A dextran-biotin labeled sympathetic axon that innervates the myenteric ganglia/1° plexus and the circular muscle/2° plexus. A: Upon innervating a ganglion, a neurite branches extensively giving off numerous collateral varicose processes. B: A high power image of one pole of the ganglia illustrating the close association between varicose processes and the myenteric neurons that they encircle (arrowheads). C: Innervation of the circular muscle/2° plexus is shown in focus (arrowheads) while the innervation of the myenteric plexus by collaterals from the same parent axon are intentionally shown out of focus (arrows) to illustrate the targeting of the different tissues by the same neurite. D: A tracing of the entire ending highlights the morphology of the long rectilinear multi-branching arrays that run within the circular muscle and superficial to the circular muscle within the secondary plexus. The parent axon (PA) is indicated with an arrow. E: An all-in-focus image of an axonal array innervating the circular muscle/2° plexus with collateral axons produced by the same sympathetic neuron innervating the myenteric plexus which runs parallel to the circular muscle. Scale bars in A & C = 20 µm; B = 10 µm; D = 125 µm; E = 31 µm.

Figure 8

A: The number of myenteric ganglia innervated by terminal branches was greatest in the proximal gut and decreased in the distal gut (P = 0.0001).
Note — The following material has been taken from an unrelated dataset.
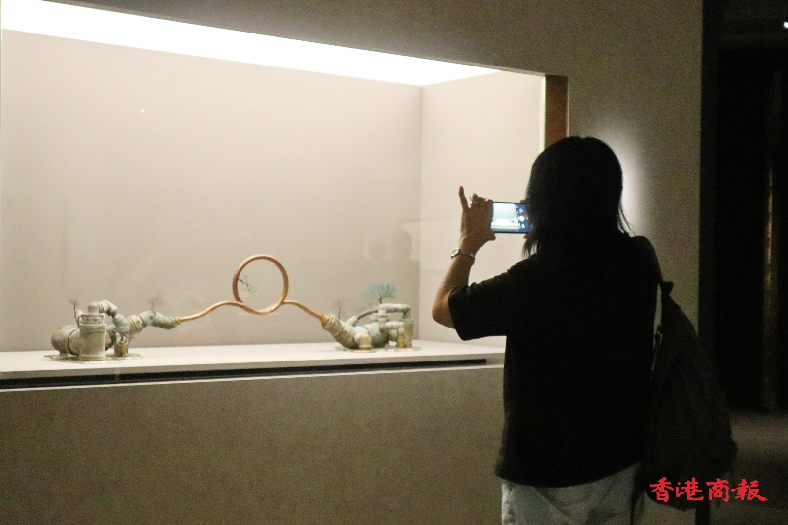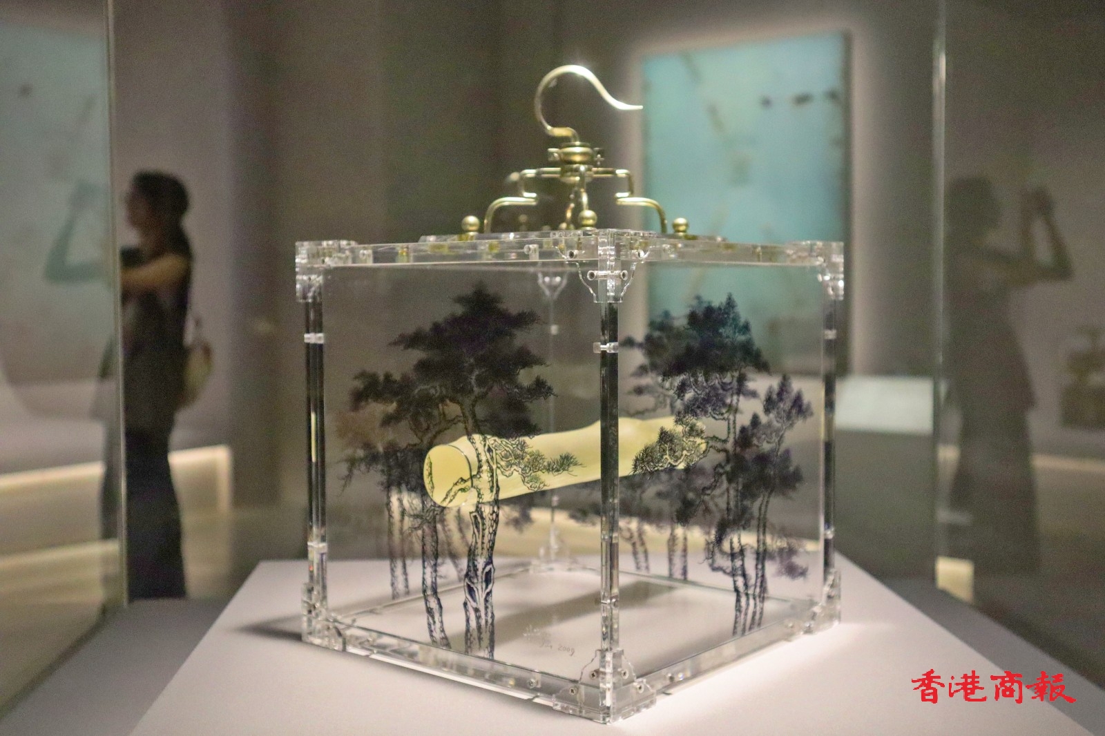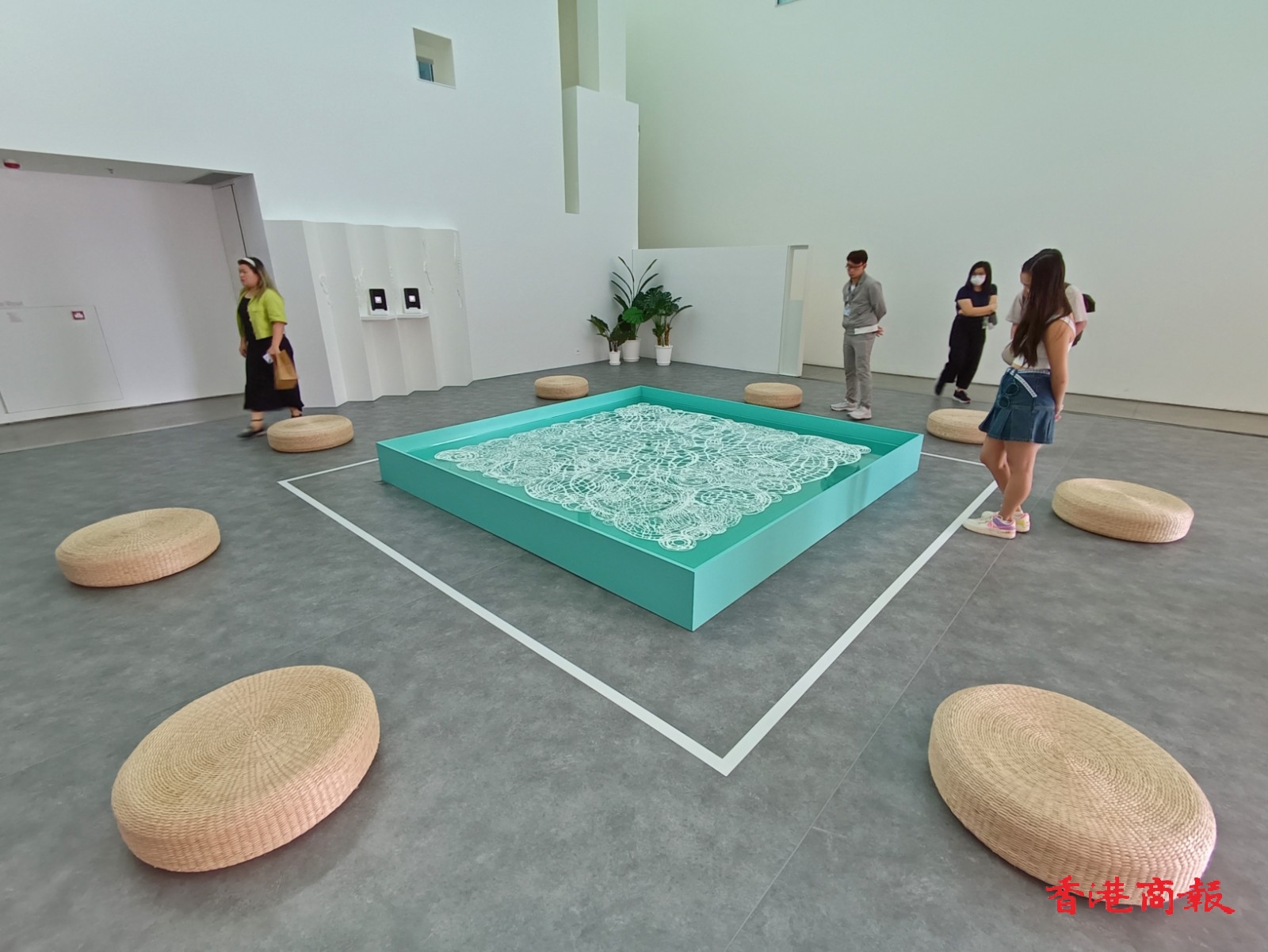 藝術館同時邀請2名香港藝術家阮家儀和李寶怡,以藝術館藏品為靈感創作全新場域特定藝術裝置。阮家儀以現成物製作成可轉動的《登陸何處》,配合燈光投射,在牆身上交疊出一抹夢幻景致,構成她對香港多元文化的體會。剪紙藝術家李寶怡經常往返香港與洛杉磯,她的作品《鳥語·花香》以人手剪出一個層層漣漪的大池塘,並以擴增實境建構一個鳥語花香的世界,以現代美學守護及發揚中國傳統工藝,作品亦反映她在異鄉對故土的尋根之情。(記者 馮瀚文攝)

B: The pattern was similar for varicose arbor length (P = 0.0009). Asterisks indicate a significant difference (P < 0.05) compared to the stomach * or duodenum 0–3 cm **; Tukey’s HSD. Mean ± S.E.M.

Figure 9

Sympathetic innervation of the blood vessels was observed in some of the whole mounts. A: Sympathetic axons silhouette the outer perimeter of a blood vessel before giving off several collateral branches that extend into the neighboring myenteric ganglia. B: A tracing of the entire ending documents how the parent axon (PA; arrow) bifurcates and the resulting secondary fibers then run parallel in close association to the blood vessel with several collateral branches innervating the nearby myenteric ganglia. C: At higher magnification, the axons in close apposition to the outer wall of a blood vessel are clearly varicose (arrows). D: The innervation of the myenteric ganglia is similarly varicose (arrows). The brown-stained irregular structures in panels A and C are presumably erythrocytes that were not exsanguinated during perfusion and fixation. Scale bars in A = 125 µm; B = 250 µm; C & D = 20 µm.